Dumb rule ideas-
Bidents, Tridents, and multi-pointed spears use the same stats as
spears. They gain +1 to hit per additional point on the end past the
first, but -1 to damage per point. The trident would have a +2 to
hit, due to having more points, but -2 to damage, due to being harder
to penetrate through surface area. The damage still has a minimum of
1 point, which is the Forkman's specialty- killing swarms. Swarm
style monsters may be made up of many creatures each with 1 hit
point- indeed their HD determines the number of creatures instead of
the health of the creature. Each weapon attack can only harm one of
them at a time- stab or slashing one at a time, making melee combat
ineffective. The exception are multi-headed spears and flails, which
can hit multiple enemies at once. Magic weapons may or may not be subject to this rule, depending on what they do.
HD- d8
Max AC-
14 / Minimum Hit-Points-
4
You're a
specialist with forks. Specifically, bidents, tridents, pitchforks,
tuning forks, lighting-forks and other fork-like weapons and pieces
of equipment. You can wear medium armor and are a bit like a
skirmisher- a lightly armed and armored fighter. Many Forkmen were
gladiators or fishermen.
While fighting
with a multi-headed spear using the above silly rule; you can ignore
the damage penalty of any multi-headed spear of your level in number
of points or less. So at second level you can use bidents with +1 to
hit but no damage penalty. At third level you can use tridents at +2
to hit with no damage penalty, and so on. This is an all or nothing
bonus, so eventually you can use a 9 pointed dragon spear at +8 to
hit, and no damage penalty, but a 10 pointed death pike would be too
much for you to handle and have a -9 damage penalty from baring
scratching the surface of their skin.
You get +1 damage
with all attacks at 4th, 7th, and 10th
level.
You're also
skilled with tuning forks. If you strike a tuning fork and are at
least 3rd level, you can turn undead as though you were a
Cleric of one level beneath your own.

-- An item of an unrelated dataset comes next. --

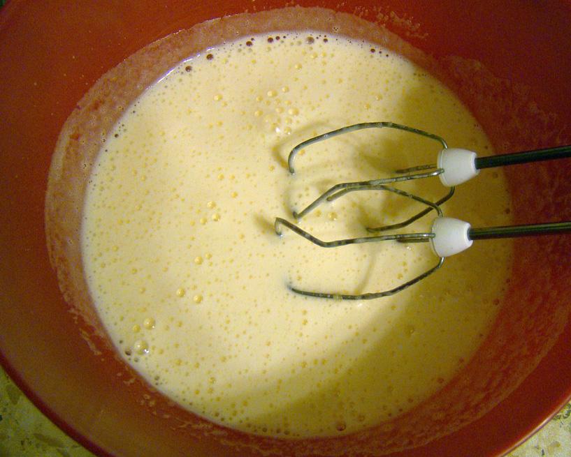 Derreta a manteiga e misture com o leite em um novo recipiente. Logo, junte todos os ingredientes (mistura de gemas e açúcar, mistura de manteiga e leite o leite condensado e a canela) e bata na batedeira ou no liquidificador por uns 5 minutos.

However, if any undead creature
resists your turning effect, the tuning fork cracks and breaks from
the reverberations.
At 10th
level, you become a Fork Master.
You can now make multiple attacks to different enemies who are nearby
each other, one per head on the end of your fork maximum, but you
lose all the fork to-hit bonus for this. You can also learn the
secret blade art known as Splitting River Carves Mountain
(Difficulty 4) which lets you “fire off” one of your forks on the
end of your weapon like a projectile. This fork is permanently
separated but essentially flies as an arrow, adding your damage
bonus. Only your class can learn this move but it must be learned
from another Fork Master.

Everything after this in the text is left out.